Cette introduction à la misère humaine était nécessaire avant d’évoquer cet antre national de la médecine qu’est la Haute – altissime – Autorité de Santé de notre pays qui, selon Le Figaro du 13 décembre 2024, « veut un accès gratuit à la transition de genre à partir de 16 ans ».
La méchanceté du Moi est illimitée, il veut vengeance et réparation de l’insulte qui lui a été faite.
Lecteur de Cesare Lombroso, celui-ci a écrit à la fin du XIXe siècle un document sur le « criminel-né, le fou moral… ». Il y met en lumière le cannibalisme, le crime des humains envers d’autres humains. Dans ce livre, ce qui a attiré mon attention, c’est que ce sont les enfants et les femmes qui sont tués pour satisfaire le Moi fort, celui d’un homme ou d’un vainqueur. Il ne s’agit pas là de genre, mais d’appareil psychique humain. Il s’agit de haine, de détresse et de volonté de vengeance du Moi. Le texte de Lombroso regorge d’histoires truculentes : maris fâchés qui tuent leur femme, enfants servis en souper à une communauté…
Alors, l’article du Figaro ne me fâchera pas à savoir que des majeurs veulent détruire le corps de l’autre. Il faut mettre en évidence que l’enfant et son corps sont une proie de choix pour l’accomplissement de la jouissance du Moi et de ses organisations intramoïques. Depuis la nuit des temps, l’enfant est mal accueilli dans ce monde où le Moi humain est un maître tyrannique qui cherche à se venger de ce que lui-même a vécu enfant. Jadis, l’enfant était mangé en entier dans des rites au nom du dieu méchant ou du Moi vengeur ; désormais, le majeur se contente d’un bout de son pénis ou de férir ses lèvres génitales, mais toujours au nom du dieu méchant du Moi de l’homme.
La psychanalyse a toujours été refusée par l’Altissime Hautorité de Santé, ainsi que je nomme l’HAS. La psychanalyse qui demande gentiment au Moi fou, affolé du jeune pubère, de se calmer, de venir parler davantage avant de passer à l’acte – ma technique dite de l’écarteur – est bannie car jugée pas assez scientifique. Mais amputer le corps juvénile noyé dans les pulsions et dans le désir de l’Autre parental et sociétal reçoit toutes les attentions des décideurs.
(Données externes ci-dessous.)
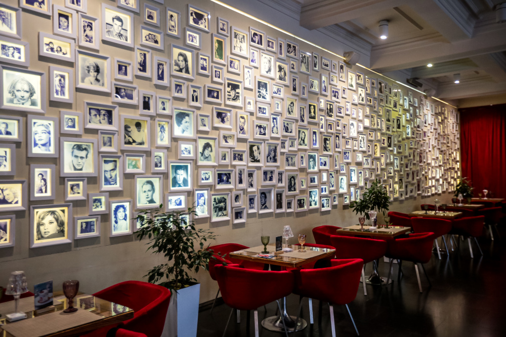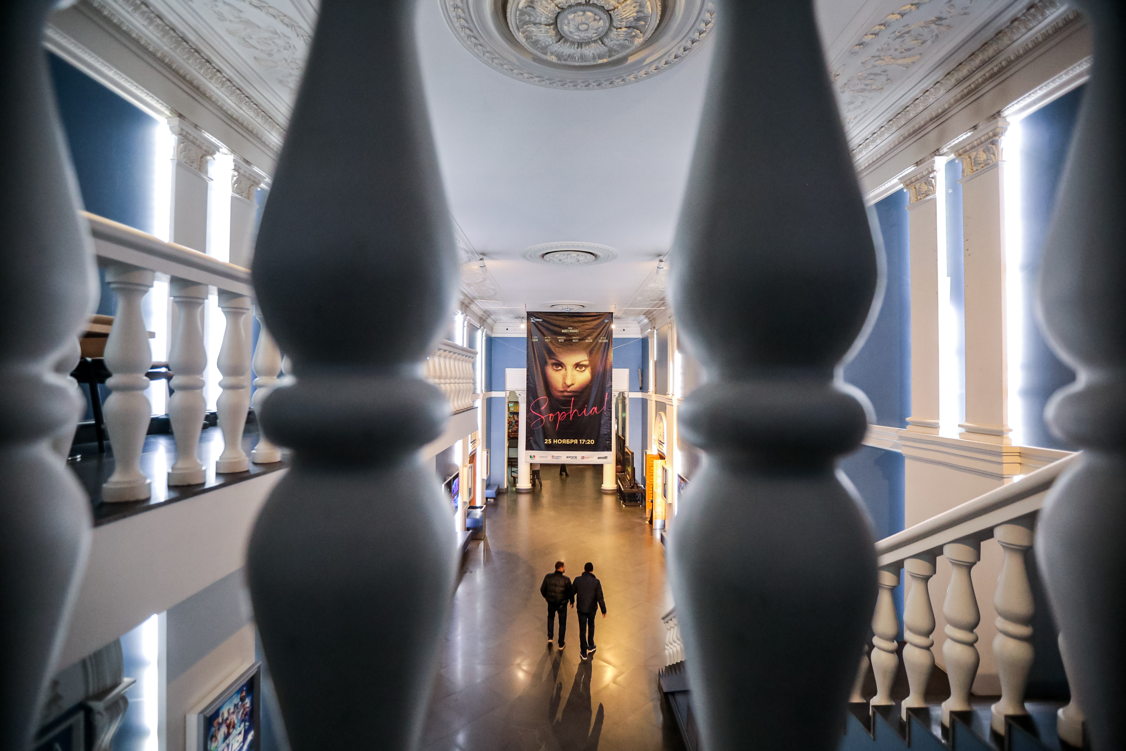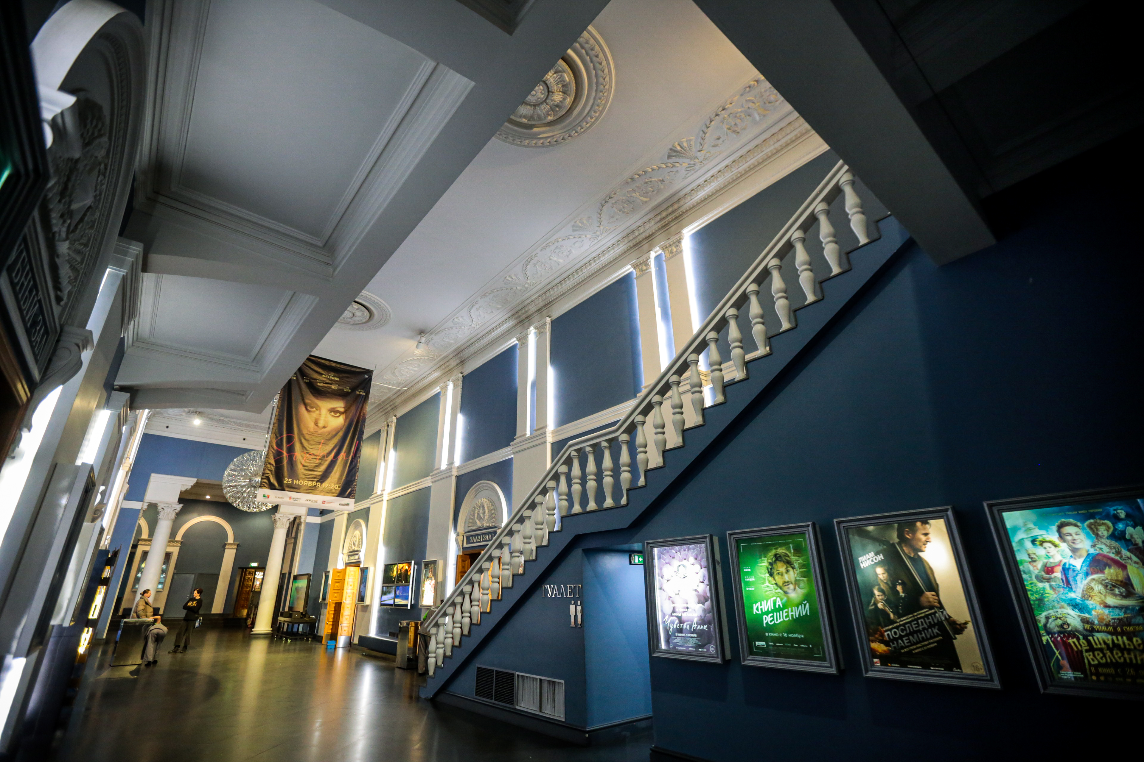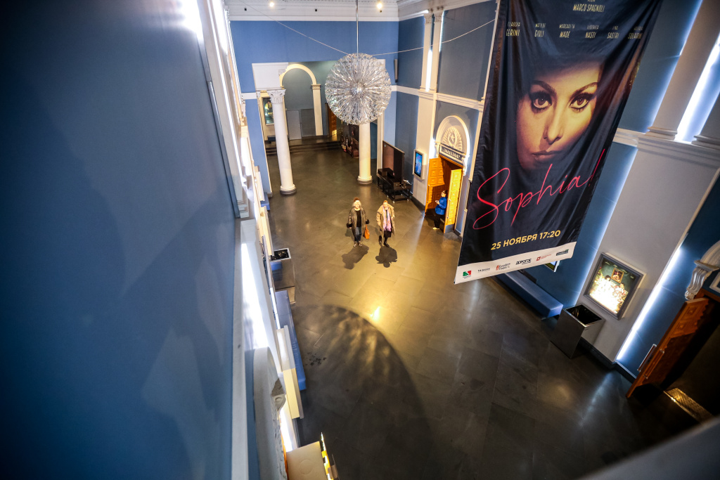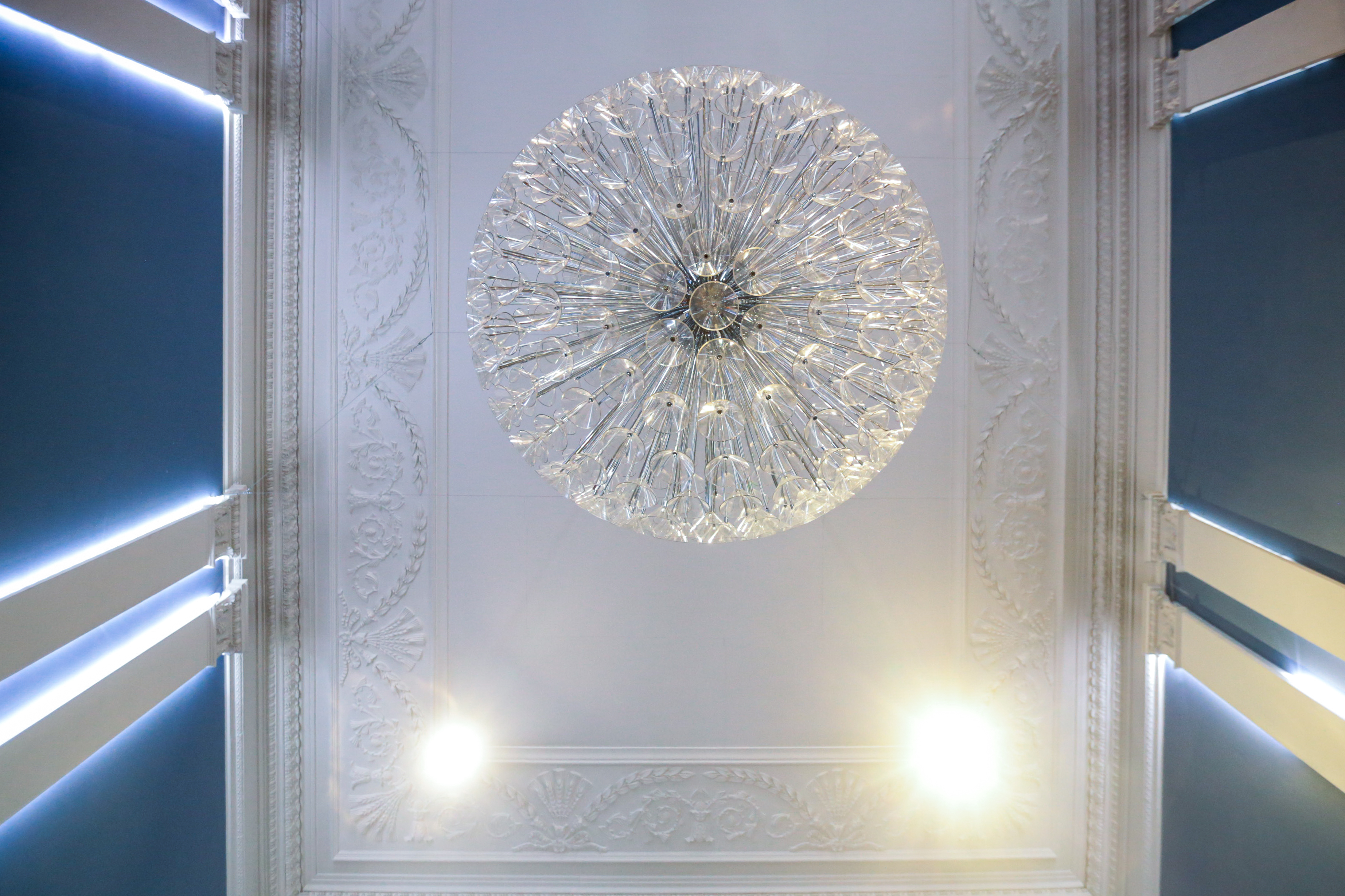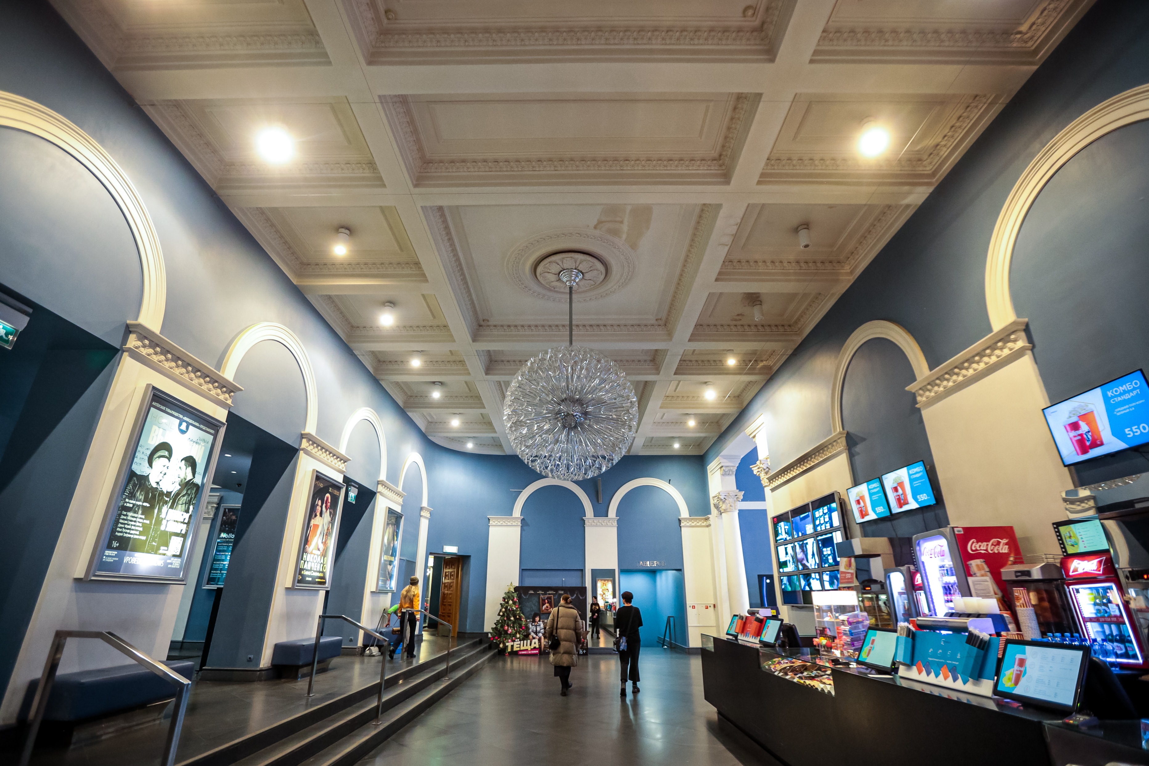 Безусловным украшением фойе «Победы» служат не только восстановленная лепнина и кессонированные потолки, но и огромные люстры в виде шаров. Они собраны из множества прозрачных элементов. Их изготовили по спецзаказу в Италии.
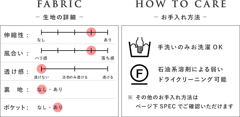※デリケートな素材を使用しておりますので、引 っかかりや摩擦には気を付けてください。着用の際は、アクセサリー、バッグ、時計などとの接触にはご注意ください。 - お手入れ方法

Il va de soi que l’idéologie n’aime pas la psychanalyse puisque celle-ci vise – c’est sa visée thérapeutique – à dégonfler le Moi (a) et à castrer l’être (e).
Comme je ne suis pas un homme d’espérance mais un nom de désir, je porte le discours de la psychanalyse sans espoir. « La République, c’est MOI ! », proférait un politicien professionnel. L’incitation idéologique à l’amputation du corps des jeunes leur indique que l’autorité n’est pas au rendez-vous de leur quotidien ; le corps juvénile, le corps encore jeune se retrouve face aux Moi et à leurs organisations intramoïques qui, au nom de la HAS – lire hache à Es, le Ça freudien – cherchent à se venger de leur Œdipe en utilisant les mineurs. Est-ce ignoble ? Non, c’est humain.
Il faut distinguer la race ignoble, la race humaine guidée par le Moi, aliéné par structure, idéologique par conviction voire par certitude, et l’être humain, l’être aristotélicien que la psychanalyse a proposé de barrer : mon « ɇ ».
Ceux qui acceptent la barre deviennent sujet ($), ceux qui n’acceptent pas se vengent.